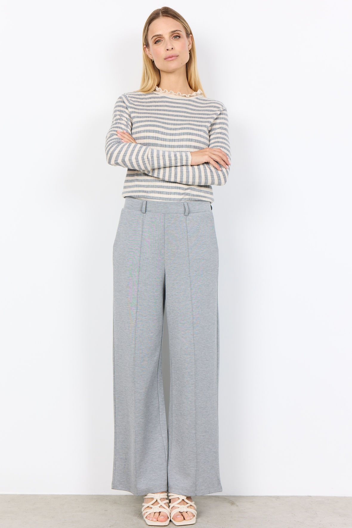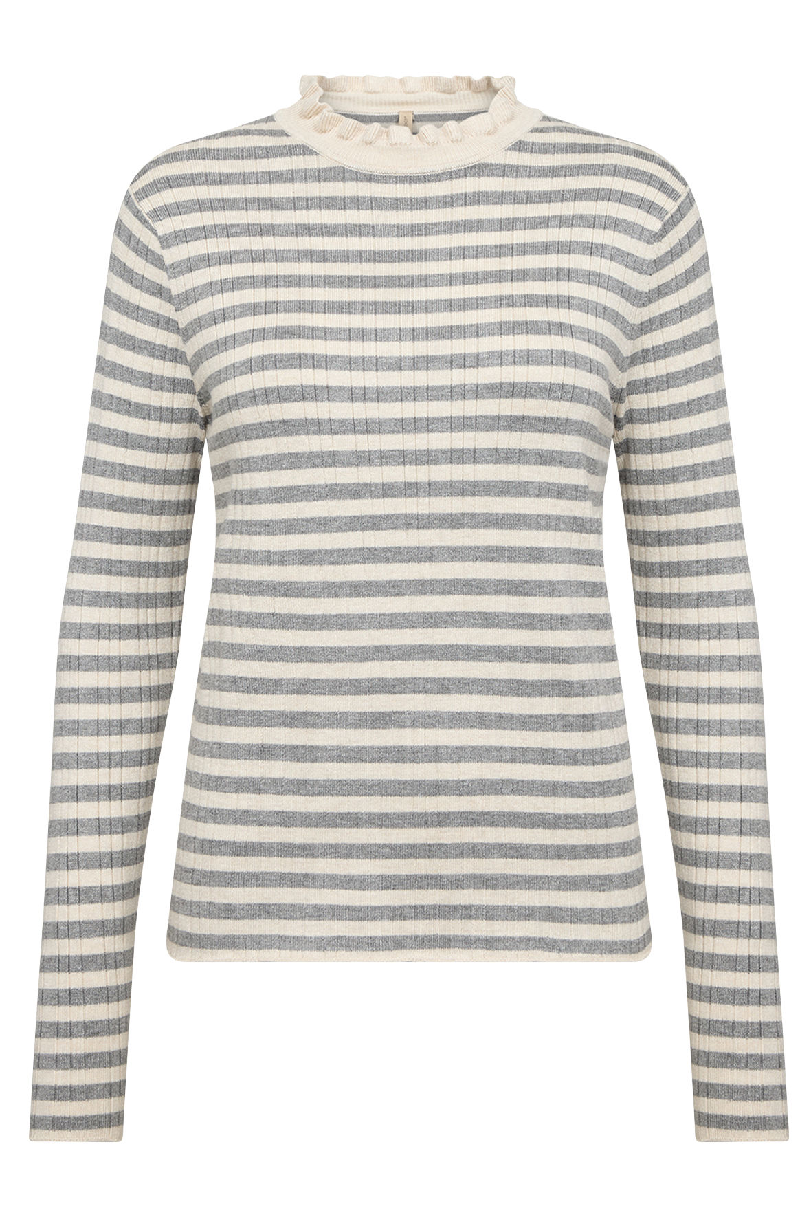 SC-Vana 3 - Stribet Ribstrik Bluse - Creme
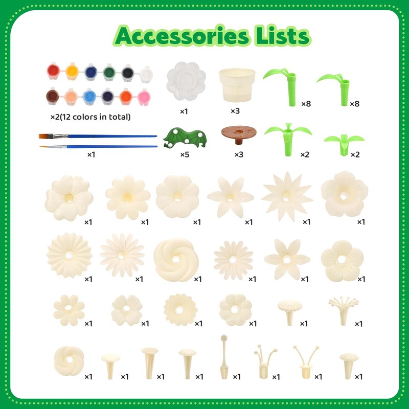 Pairez Toys Flowers Garden Building & Painting Kit, DIY Bouquet Building Set, Build & Paint Plants Toys, Arts & Crafts Kits for Boys & Girls, Students Age 6 7 8 9 10
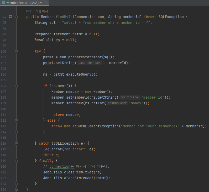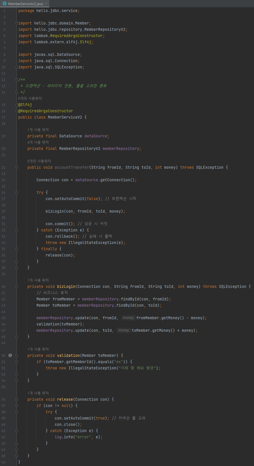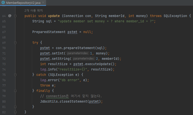 MemberRepositoryV2는 기존 코드와 같고 커넥션 유지가 필요한 다음 두 메서드가 추가되었다. 참고로 다음 두 메서드는 계좌이체 서비스 로직에서 호출하는 메서드이다.

→ Problem statement
Using the material above, restate word for word the lines from the line that has "Pairez Toys Flowers" to the last line, inclusive, with pictures omitted.

→ Result
 Pairez Toys Flowers Garden Building & Painting Kit, DIY Bouquet Building Set, Build & Paint Plants Toys, Arts & Crafts Kits for Boys & Girls, Students Age 6 7 8 9 10
 MemberRepositoryV2는 기존 코드와 같고 커넥션 유지가 필요한 다음 두 메서드가 추가되었다. 참고로 다음 두 메서드는 계좌이체 서비스 로직에서 호출하는 메서드이다.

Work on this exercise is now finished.